Zuma arrived in Tripoli shortly after state media said NATO-led air strikes on the town of Zliten, west of the rebel-held city of Misrata, had killed 11 people.
The South African presidency said Zuma was seeking an immediate ceasefire, to boost humanitarian aid and bring about the reforms needed to eliminate the cause of the conflict which erupted amid anti-regime protests in mid-February.
Libyan state television said Zuma would discuss implementing the AU "roadmap" for peace, as it reported NATO-led raids on the Nafusa mountains in the far west and the town of Bani Walid, near Misrata.
At a meeting of NATO's parliamentary assembly in Bulgaria, NATO Secretary General Anders Fogh Rasmussen insisted: "Gaddafi's reign of terror is coming to an end.
"He is increasingly isolated at home and abroad. Even those closest to him are departing, defecting or deserting. ... It is time for Gaddafi to go as well," Rasmussen said.
In Rome, Libyan General Salah Giuma Yahmed said the ongoing defections meant Gaddafi's forces could no longer prop up the regime.
"NATO forces are paralysing Gaddafi's troops, they are now running at about 20 percent of their military capacity," he told reporters.

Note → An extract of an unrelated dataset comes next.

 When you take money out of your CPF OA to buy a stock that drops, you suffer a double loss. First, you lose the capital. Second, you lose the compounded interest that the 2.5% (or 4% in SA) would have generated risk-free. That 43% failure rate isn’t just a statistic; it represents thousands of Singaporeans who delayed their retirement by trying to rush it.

The Libyan regime also got support from two French lawyers who planned to initiate legal proceedings against France's President Nicolas Sarkozy for crimes against humanity over the Libya campaign.
Libyan justice ministry official Ibrahim Boukhzam told reporters in Tripoli that Jacques Verges and Roland Dumas had offered to represent families he said were victims of the NATO bombs.

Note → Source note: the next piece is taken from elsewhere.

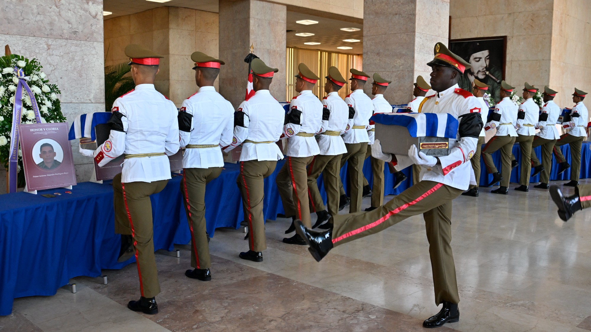 The repatriated remains of 32 Cuban protection officers killed during the US operation to capture Venezuela’s Nicolás Maduro are placed on display at Havana’s Ministry of the Revolutionary Armed Forces. The ages of the slain personnel ranged from 26 to 60.

Mustafa Abdul Jalil, who heads the rebels' provisional government, welcomed a Friday call by G8 world powers for Gaddafi to stand down, saying it was the position reflective of the "will of the international community as well as the demands and aspirations of the Libyan people."
The rebel leaders, called the National Transitional Council (NTC), announced Monday that they had renamed their armed forces the National Liberation Army (NLA).
On the humanitarian front, the European Commission announced 10 million euros ($14 million) in aid for refugees. It said 40,000 Chadian workers trying to flee Libya were stranded in "dire conditions" at the border with Chad.
Qatar, meanwhile, has opened a government-financed refugee camp in southern Tunisia to host 1,600 Libyan refugees, a camp official said.